Flickering blue flash. Bright glow of gold. Four figures flared into existence in a swirling landscape of colors and vapor that is devoid of anything concrete which would provide a reference of time or place. The God of War held his Chosen draped unconscious in his arms. Before him stood the Goddess of Wisdom and her frozen Champion, burned and blasted by the tactical air strike. They were passing each other through a neutral space that no mortal may experience. Here, in the limitless aether, only an immortal soul may speak.
"Rescued your Favorite, brother?"
"She was already clear of the blast, unlike your Champion, sister."
"Perhaps she would have survived…for a while. But sooner or later she will fall."

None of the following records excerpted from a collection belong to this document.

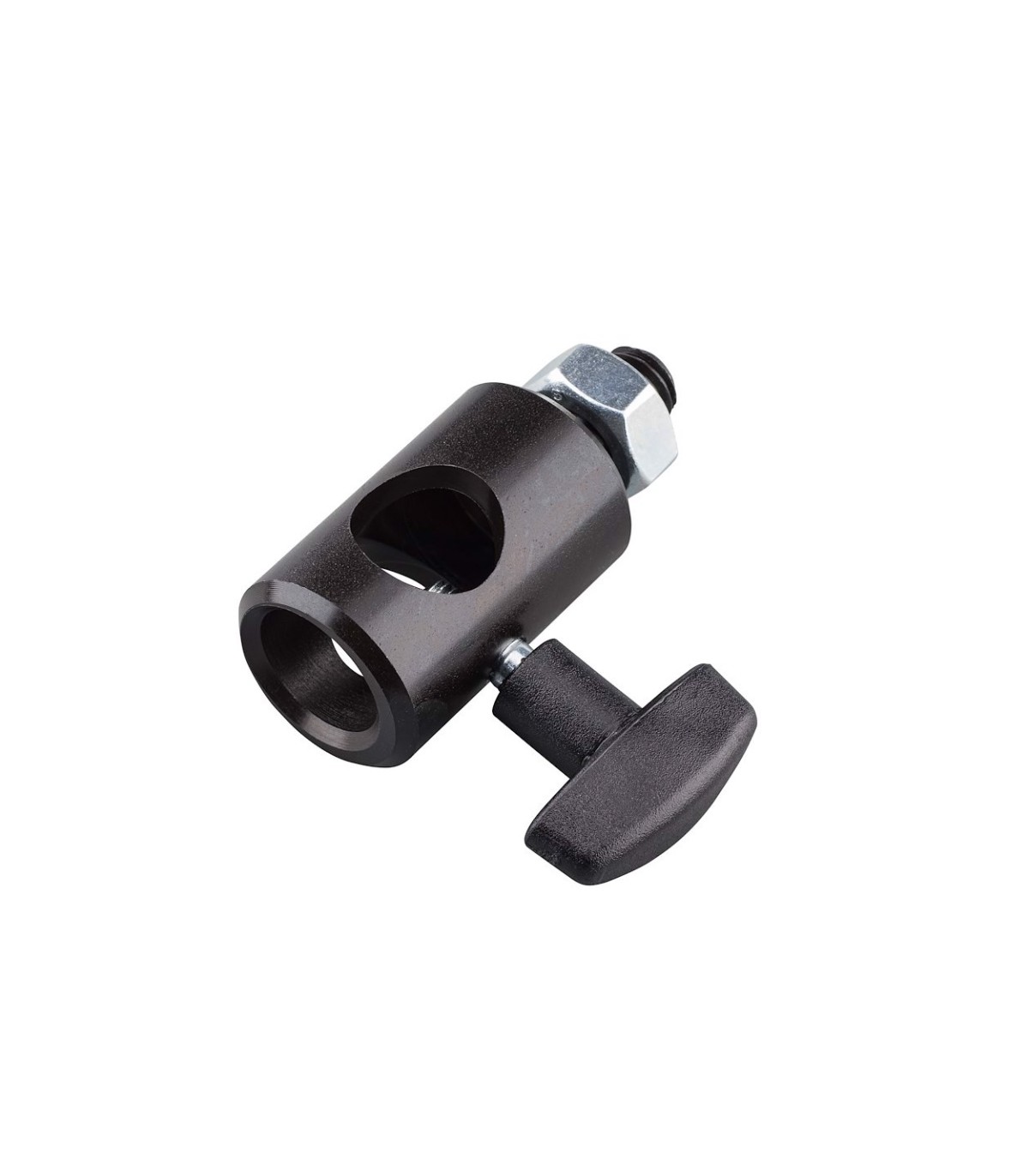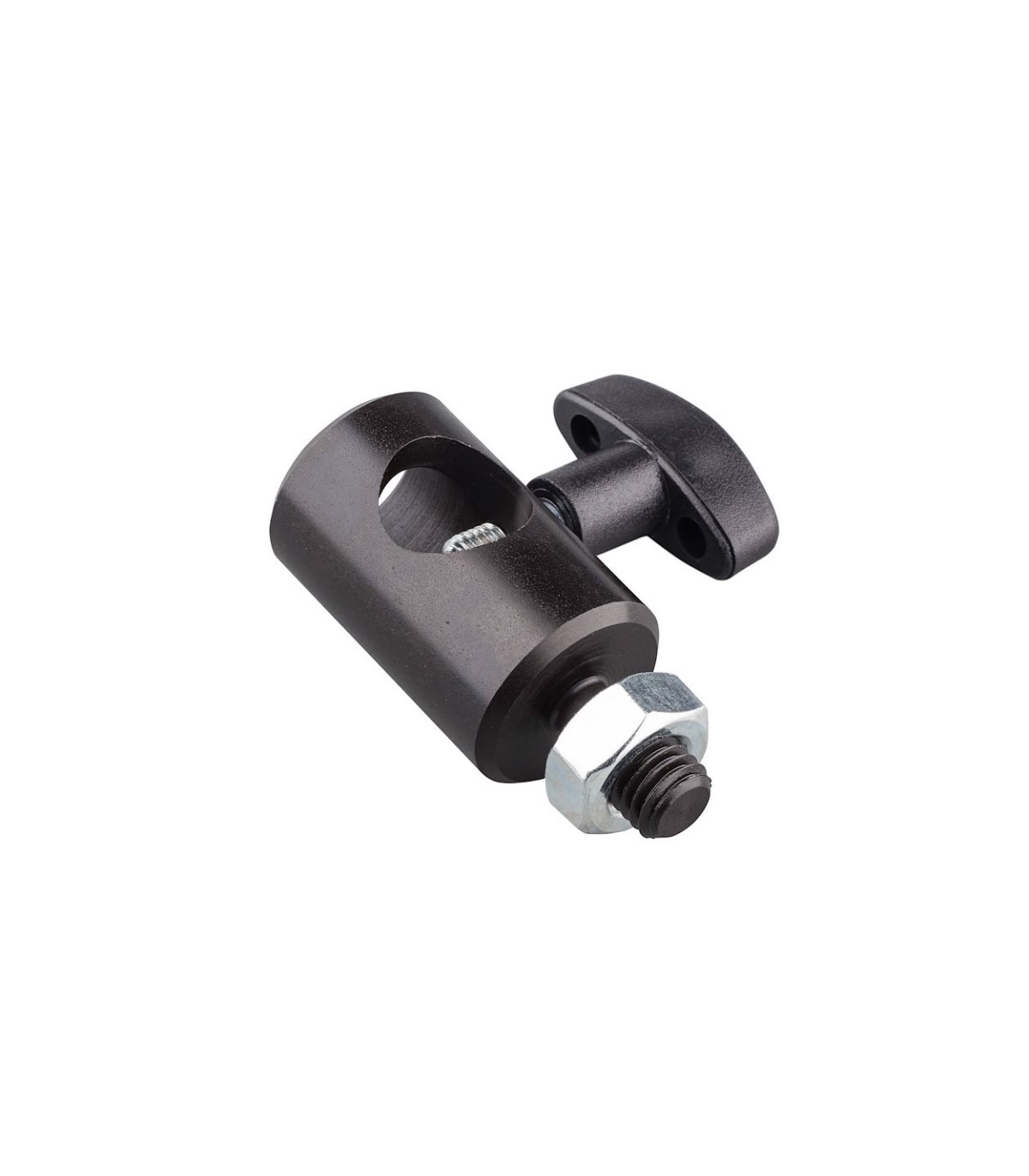 Manguito de 16mm a macho M10; de aluminio negro. También conocido como hembra o adaptador. Longitud 5,8cm y peso 0,09kg. Para adaptar focos y antorchas pequeñas a trípodes y pinzas.
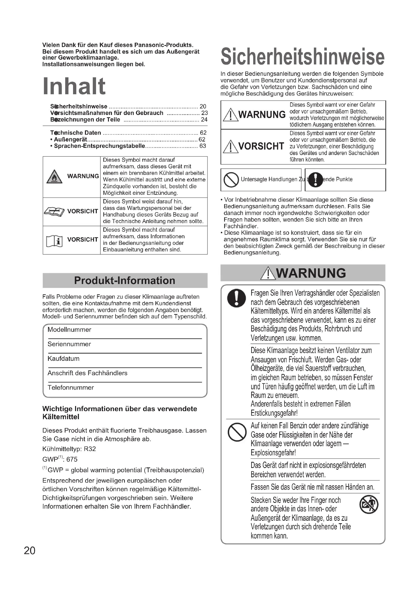 - Sprachen-Entsprechungstabelle................................ 63 Inhalt Sicherheitshinweise Produkt-Information Falls Probleme oder Fragen zu dieser Klimaanlage auftreten sollten, die eine Kontaktaufnahme mit dem Kundendienst erforderlich machen, werden die folgenden Angaben benötigt. Modell- und Seriennummer benden sich auf dem Typenschild.Modellnummer Seriennummer KaufdatumAnschrift des FachhändlersTelefonnummer Fragen Sie Ihren Vertragshändler oder Spezialisten nach dem Gebrauch des vorgeschriebenen Kältemitteltyps. Wird ein anderes Kältemittel als das vorgeschriebene verwendet, kann es zu einer Beschädigung des Produkts, Rohrbruch und Verletzungen usw. kommen. Diese Klimaanlage besitzt keinen Ventilator zum Ansaugen von Frischluft. Werden Gas- oder Ölheizgeräte, die viel Sauerstoff verbrauchen, im gleichen Raum betrieben, so müssen Fenster und Türen häug geöffnet werden, um die Luft im Raum zu erneuern. Anderenfalls besteht in extremen Fällen Erstickungsgefahr! Auf keinen Fall Benzin oder andere zündfähige Gase oder Flüssigkeiten in der Nähe der Klimaanlage verwenden oder lagern — Explosionsgefahr! Das Gerät darf nicht in explosionsgefährdeten Bereichen verwendet werden. Fassen Sie das Gerät nie mit nassen Händen an. Stecken Sie weder Ihre Finger noch andere Objekte in das Innen- oder Außengerät der Klimaanlage, da es zu Verletzungen durch sich drehende Teile kommen kann. In dieser Bedienungsanleitung werden die folgenden Symbole verwendet, um Benutzer und Kundendienstpersonal auf die Gefahr von Verletzungen bzw. Sachschäden und eine mögliche Beschädigung des Gerätes hinzuweisen: WARNUNG Dieses Symbol warnt vor einer Gefahr oder vor unsachgemäßem Betrieb, wodurch Verletzungen mit möglicherweise tödlichem Ausgang entstehen können. VORSICHT Dieses Symbol warnt vor einer Gefahr oder vor unsachgemäßem Betrieb, die zu Verletzungen, einer Beschädigung des Gerätes und anderen Sachschäden führen könnten.Untersagte Handlungen Zu beachtende Punkte• Vor Inbetriebnahme dieser Klimaanlage sollten Sie diese Bedienungsanleitung aufmerksam durchlesen. Falls Sie danach immer noch irgendwelche Schwierigkeiten oder Fragen haben sollten, wenden Sie sich bitte an Ihren Fachhändler.• Diese Klimaanlage ist so konstruiert, dass sie für ein angenehmes Raumklima sorgt. Verwenden Sie sie nur für den beabsichtigten Zweck gemäß der Beschreibung in dieser Bedienungsanleitung. WARNUNG Vielen Dank für den Kauf dieses Panasonic-Produkts.Bei diesem Produkt handelt es sich um das Außengerät einer Gewerbeklimaanlage.Installationsanweisungen liegen bei.WARNUNGDieses Symbol macht darauf aufmerksam, dass dieses Gerät mit einem ein brennbaren Kühlmittel arbeitet. Wenn Kühlmittel austritt und eine externe Zündquelle vorhanden ist, besteht die Möglichkeit einer Entzündung.VORSICHTDieses Symbol weist darauf hin, dass das Wartungspersonal bei der Handhabung dieses Geräts Bezug auf die Technische Anleitung nehmen sollte.VORSICHTDieses Symbol macht darauf aufmerksam, dass Informationen in der Bedienungsanleitung oder Einbauanleitung enthalten sind.Wichtige Informationen über das verwendete KältemittelDieses Produkt enthält uorierte Treibhausgase. Lassen Sie Gase nicht in die Atmosphäre ab.Kühlmitteltyp: R32 GWP (1) : 675 (1) GWP = global warming potential (Treibhauspotenzial)Entsprechend der jeweiligen europäischen oder örtlichen Vorschriften können regelmäßige Kältemittel-Dichtigkeitsprüfungen vorgeschrieben sein. Weitere Informationen erhalten Sie von Ihrem Fachhändler. OI_00_302355_all.indb 20 2018/9/20 10:01:3121 DEUTSCH WARNUNG Wenn das Kühlmittel mit einer Flamme in Berührung kommt, wird ein toxisches Gas erzeugt. Schalten Sie die Klimaanlage vor der Reinigung oder Wartung zur Sicherheit aus, und trennen Sie das Gerät von der Spannungsquelle. In Notfällen ziehen Sie den Stecker aus der Netzsteckdose, schalten Sie den Trennschalter aus, oder schalten Sie das entsprechende Trennorgan ab, um das Innengerät von der Netzspannung zu trennen. In Übereinstimmung mit den gültigen nationalen und örtlichen Vorschriften entsorgen. Dieses Produkt darf unter keinen Umständen abgeändert oder zerlegt werden. Ein Abändern oder Zerlegen der Einheit kann einen Brand, einen Stromschlag oder eine Verletzung verursachen. Das Innere von Innen- und Außengeräten darf nicht von Benutzern gereinigt werden. Beauftragen Sie einen autorisierten Händler oder Servicetechniker mit der Reinigung. Sollte eine Betriebsstörung dieses Geräts auftreten, versuchen Sie nicht, diese eigenhändig zu beseitigen. Beauftragen Sie den Vertrieb oder Fachhändler mit Instandsetzungsarbeiten und der Entsorgung. Verwenden Sie keine veränderten Kabel, keine Mehrfachstecker, Verlängerungskabel oder Kabel ohne Spezikation, um ein Überhitzen und einen Brand zu vermeiden. Für den Anschluss jedes Geräts muss eine separate Steckdose vorhanden sein; innerhalb des ausschließlich für das Gerät verwendeten Stromversorgungskabels muss ein Trennschalter, ein Fehlerstromschutzschalter oder eine Fehlerstrom-Schutzeinrichtung zum Schutz gegen Überstrom vorhanden sein. Jedes Gerät muss zur Stromversorgung an einen eigenen Netzanschluss angeschlossen werden. Außerdem muss ein Trennschalter mit Trennabstand an allen Kontakten nach den vor Ort geltenden Verdrahtungsvorschriften in die Festverdrahtung eingebaut werden. Zum Schutz vor Gefahren durch Mängel in der Isolierung muss das Gerät geerdet werden. Das Gerät ist in einem Raum ohne andauernd arbeitende Zündquellen (z. B. offene Flammen, in Betrieb bendliches Gasgerät oder in Betrieb bendliche Elektroheizung) zu lagern. Kühlmittel können geruchlos sein. Ein nicht belüfteter Bereich, an dem das mit brennbaren Kühlmitteln arbeitende Gerät installiert wird, ist so auszuführen, dass in dem Fall, dass Kühlmittel austritt, dieses nicht stockt und dadurch eine Brand- oder Explosionsgefahr hervorruft. Das Gerät ist in einem gut belüft
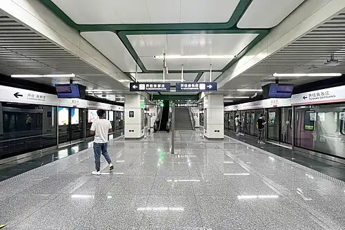 Guozhuangzi (simplified Chinese: 郭庄子站; traditional Chinese: 郭莊子站; pinyin: Guōzhuāngzǐ Zhàn) is a station on Line 14 of the Beijing Subway.[1] This station opened on May 5, 2013.[2]
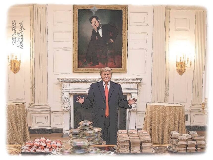 There will be all sorts of cartoons about the event, but I like Nick Anderson‘s take because it’s understated. We’ve got a guy in the office who has no class, and that’s not a rap on the blue-collar people he purports to represent.
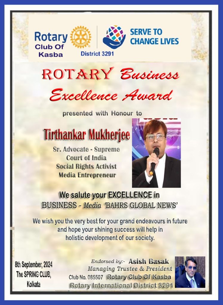 সামাজিক-সাংস্কৃতিক অনুপ্রেরণামূলক উদ্যোগে তার সর্বাত্মক শ্রেষ্ঠত্বের জন্য, তীর্থঙ্কর মুখোপাধ্যায় সম্প্রতি রোটারি ক্লাব অফ কসবা থেকে রোটারি এক্সিলেন্স অ্যাওয়ার্ডে ভূষিত হয়েছেন। 8 ই সেপ্টেম্বর প্রাক্কালে দ্য স্প্রিং ক্লাবে রোটারির সভাপতি এবং সামাজিক প্রভাবশালী আশিস বসাক আয়োজিত একটি জমকালো অনুষ্ঠানের সময় তীর্থঙ্কর মুখার্জিকে পুরস্কারটি প্রদান করা হয়।
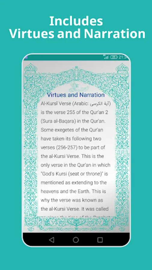 Al-Kursī Verse (Arabic: آیة الکرسی) is the verse 255 of the Qur'an 2 (Sura al-Baqara) in the Qur'an. Some exegetes of the Qur'an have taken its following two verses (256-257) to be part of the al-Kursi Verse. This is the only verse in the Qur'an in which "God's Kursi (seat or throne)" is mentioned as extending to the heavens and the Earth. This is why the verse was known as the al-Kursi Verse. It was called so since the time of the Prophet (s).
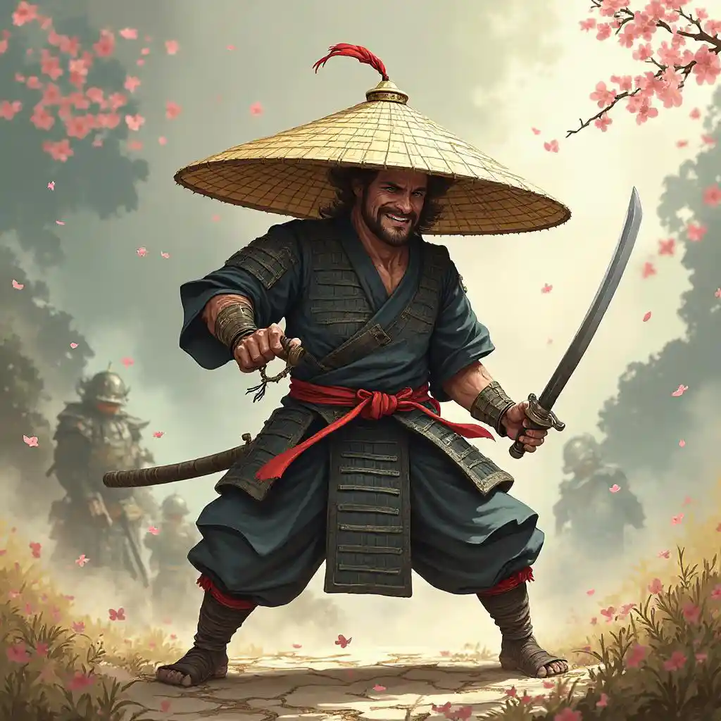 Subject: Samyray Shogun, a comically brave and quirky samurai warrior, ready to battle invisible foes and his own fears Character Description: Samyray Shogun is dressed in exaggerated, traditional samurai armor, but with a comical, light-hearted twist. He wears an oversized Japanese straw hat (kasa) that almost covers his face, adding to the humor. His facial expression shows a mix of exaggerated bravery and slight fear, as if unsure whether he’s truly prepared to face invisible enemies. Pose: Samyray Shogun stands in an exaggerated fighting stance, with his sword raised high in a dramatic but humorous pose, swinging wildly at unseen opponents. His movements are exaggerated, making it clear that his invisible enemies and fears are as much in his mind as on the battlefield. Setting/Background: A stylized, mystical Japanese battlefield with swirling mist and cherry blossoms falling in the background. The enemies are invisible, represented by swirling winds or subtle, abstract shapes, giving a sense of unseen threats. Lighting: Soft, mystical lighting that highlights Samyray’s exaggerated features and stance, casting humorous shadows as he fights his invisible foes. Additional Elements: The scene is filled with humorous details, such as Samyray’s sword occasionally missing the mark, and his hat slipping down over his eyes. In the background, faint hints of exaggerated "fears" are seen, like over-the-top shadowy figures or exaggerated monsters, reinforcing the humor of his imaginary battle.

"Maybe she will and maybe she won't, but you lost six today. Perhaps your hopes are ill founded."
"My hopes, brother? No. It is you who pin your hopes on a trick of fate that should never have been. If not for Alti, she wouldn't even exist now, Ares. Besides, she's the clone of Melinda Pappas, not Xena, and even Xena was never a match for Elainis."
"And speaking of Elainis…now I finally understand why our father called her an abomination. You brought a clone back to Mycenae didn't you, Athena? Even back then you defied the order of things and traveled time. Her fate was to die at Aulis, but you couldn't let her go. So who's pinning their hopes on a fate that should never have been?"
"It make no difference, brother. My hopes are as good as realized. Look at the world you fool! The worship of Wisdom and Warfare is the obsession of mortals! No, Ares, my hopes are secure. The world of mortals has chosen me, and it's all the more obvious because they've chosen me without even knowing it. Never has a god enjoyed such a pure mandate. You should have stayed safe in your tomb, brother. In this world, heroism and glory are impotent rivals for science and technology. Now mortals kill with the push of a button, using weapons of mass destruction and the tactics of deceit. They don't call it cowardice, they call it expediency and battlefield superiority. Soon there will be no place in this world for what you offer, Ares. Soon there will be no place in this world for you…or your Favorite."
"We'll see, Athena. We'll see."
Flare of Blue light. Efflorescence of gold. Swirling vapor fills the emptied space, and then…
"So much was twisted and perverted…"
"…so much potential unrealized in the stream diverted…"
"…but even a god's meddling cannot undo what is to be …"
"…and even a stream diverted makes its way to the sea."